A new study helps to explain the mechanism by which pancreatic cells secrete high levels of insulin during the early stages of diabetes.

A central question in diabetes research is why cells of the pancreas, known as beta cells, initially over-secrete insulin. The prevailing theory was that the body may be in the process of becoming “deaf” to insulin, so beta cells secrete more to compensate. But isolated beta cells still over-secrete insulin, which exposes a gap in that theory.

In the new study, researchers set out to understand what other mechanism beyond insulin resistance (that is, the body becoming “deaf” to insulin) and high glucose levels might explain why diabetes develops. The scientists found that a pathway independent of glucose, but sensitive to fatty acids, appears to drive insulin secretion in the early stages of diabetes.
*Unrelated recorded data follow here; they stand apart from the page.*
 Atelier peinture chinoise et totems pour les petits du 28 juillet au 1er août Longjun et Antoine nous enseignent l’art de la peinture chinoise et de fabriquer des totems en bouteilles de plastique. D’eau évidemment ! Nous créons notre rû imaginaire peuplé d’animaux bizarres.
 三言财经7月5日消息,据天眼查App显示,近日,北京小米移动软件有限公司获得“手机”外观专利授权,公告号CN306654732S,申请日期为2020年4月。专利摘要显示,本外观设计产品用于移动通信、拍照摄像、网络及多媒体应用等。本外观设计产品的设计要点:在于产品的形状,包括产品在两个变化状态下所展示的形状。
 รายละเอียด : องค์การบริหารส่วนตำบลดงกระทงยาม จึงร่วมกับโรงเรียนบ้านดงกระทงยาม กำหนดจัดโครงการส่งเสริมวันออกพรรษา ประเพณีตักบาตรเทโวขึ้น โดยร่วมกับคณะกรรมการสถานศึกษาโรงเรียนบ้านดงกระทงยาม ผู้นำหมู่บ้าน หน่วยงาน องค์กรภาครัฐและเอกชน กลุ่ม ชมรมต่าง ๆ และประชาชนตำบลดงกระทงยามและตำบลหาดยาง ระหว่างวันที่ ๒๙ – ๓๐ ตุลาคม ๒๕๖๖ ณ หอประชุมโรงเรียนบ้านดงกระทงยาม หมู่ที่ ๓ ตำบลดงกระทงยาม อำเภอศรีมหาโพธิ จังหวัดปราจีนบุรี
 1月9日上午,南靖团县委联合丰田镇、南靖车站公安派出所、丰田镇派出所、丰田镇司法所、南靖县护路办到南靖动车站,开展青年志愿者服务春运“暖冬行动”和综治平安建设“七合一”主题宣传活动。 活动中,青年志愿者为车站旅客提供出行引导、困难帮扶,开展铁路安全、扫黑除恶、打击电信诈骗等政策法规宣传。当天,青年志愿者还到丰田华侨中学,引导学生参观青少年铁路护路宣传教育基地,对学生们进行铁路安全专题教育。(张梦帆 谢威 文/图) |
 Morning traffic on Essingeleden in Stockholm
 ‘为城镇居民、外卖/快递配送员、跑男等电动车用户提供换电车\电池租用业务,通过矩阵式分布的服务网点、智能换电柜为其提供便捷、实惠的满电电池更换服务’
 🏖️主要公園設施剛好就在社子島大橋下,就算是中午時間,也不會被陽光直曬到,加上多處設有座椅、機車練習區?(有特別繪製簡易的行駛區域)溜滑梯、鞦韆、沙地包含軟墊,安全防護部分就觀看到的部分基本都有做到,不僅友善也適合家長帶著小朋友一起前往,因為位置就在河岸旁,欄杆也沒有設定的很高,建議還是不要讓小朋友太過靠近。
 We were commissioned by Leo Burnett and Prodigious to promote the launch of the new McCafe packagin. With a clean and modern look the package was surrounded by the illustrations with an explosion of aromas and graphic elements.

The research team, led by Orian Shirihai, a professor of endocrinology and pharmacology at the David Geffen School of Medicine at UCLA and senior author of the study, used pre-diabetic mice to study the mechanisms by which insulin may be secreted in the absence of glucose.
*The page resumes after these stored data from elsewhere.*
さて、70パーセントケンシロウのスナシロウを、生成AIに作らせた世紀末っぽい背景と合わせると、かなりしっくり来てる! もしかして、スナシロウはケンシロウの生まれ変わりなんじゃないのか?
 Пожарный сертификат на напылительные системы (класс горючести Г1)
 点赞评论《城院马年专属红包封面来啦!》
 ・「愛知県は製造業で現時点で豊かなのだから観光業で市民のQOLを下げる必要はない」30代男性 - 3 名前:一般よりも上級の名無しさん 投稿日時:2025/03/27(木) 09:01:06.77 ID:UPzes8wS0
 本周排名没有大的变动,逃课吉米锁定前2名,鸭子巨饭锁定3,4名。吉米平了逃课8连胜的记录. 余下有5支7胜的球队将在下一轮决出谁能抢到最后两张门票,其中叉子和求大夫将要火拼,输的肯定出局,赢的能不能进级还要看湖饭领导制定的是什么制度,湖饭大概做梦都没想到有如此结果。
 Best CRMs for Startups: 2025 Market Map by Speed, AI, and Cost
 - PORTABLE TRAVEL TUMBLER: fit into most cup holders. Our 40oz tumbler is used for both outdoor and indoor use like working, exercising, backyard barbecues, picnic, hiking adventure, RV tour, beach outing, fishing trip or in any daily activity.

The team found that in beta cells from obese, pre-diabetic animals, a protein known as Cyclophilin D, or CypD, induced a phenomenon known as “proton leak,” and that this leak promoted insulin secretion in the absence of elevated glucose. The mechanism was dependent on fatty acids, which are normally incapable of stimulating insulin secretion in healthy animals.

Further, obese mice who lacked the gene for CypD did not secrete excess insulin. The team confirmed the same process was taking place in isolated human pancreas cells: In the presence of fatty acids at levels that would be typical in obese humans, the cells secreted insulin in the absence of elevated glucose.

The study was published in the American Diabetes Association’s journal Diabetes.

The results suggest new ways to prevent the development of insulin resistance and to treat diabetes, including halting its progression by blocking the proton leak in the beta cell.

The study’s first author is Evan Taddeo of the department of medicine, division of endocrinology, diabetes and hypertension, at the Geffen School. Marc Liesa, of UCLA, is a corresponding author. Other UCLA-affiliated authors are Nour Alsabeeh, Siyouneh Baghdasarian, Eleni Ritou, Karel Erion, Jin Li, Linsey Stiles and Marc Liesa. A full list of authors may be found in the journal article.

The work was funded by the National Institutes of Health; the UCLA Department of Medicine Chair; the UC San Diego/UCLA Diabetes Research Center; the Kuwait Foundation for the Advancement of Sciences, a fellowship from Kuwait University; and Janssen Research & Development.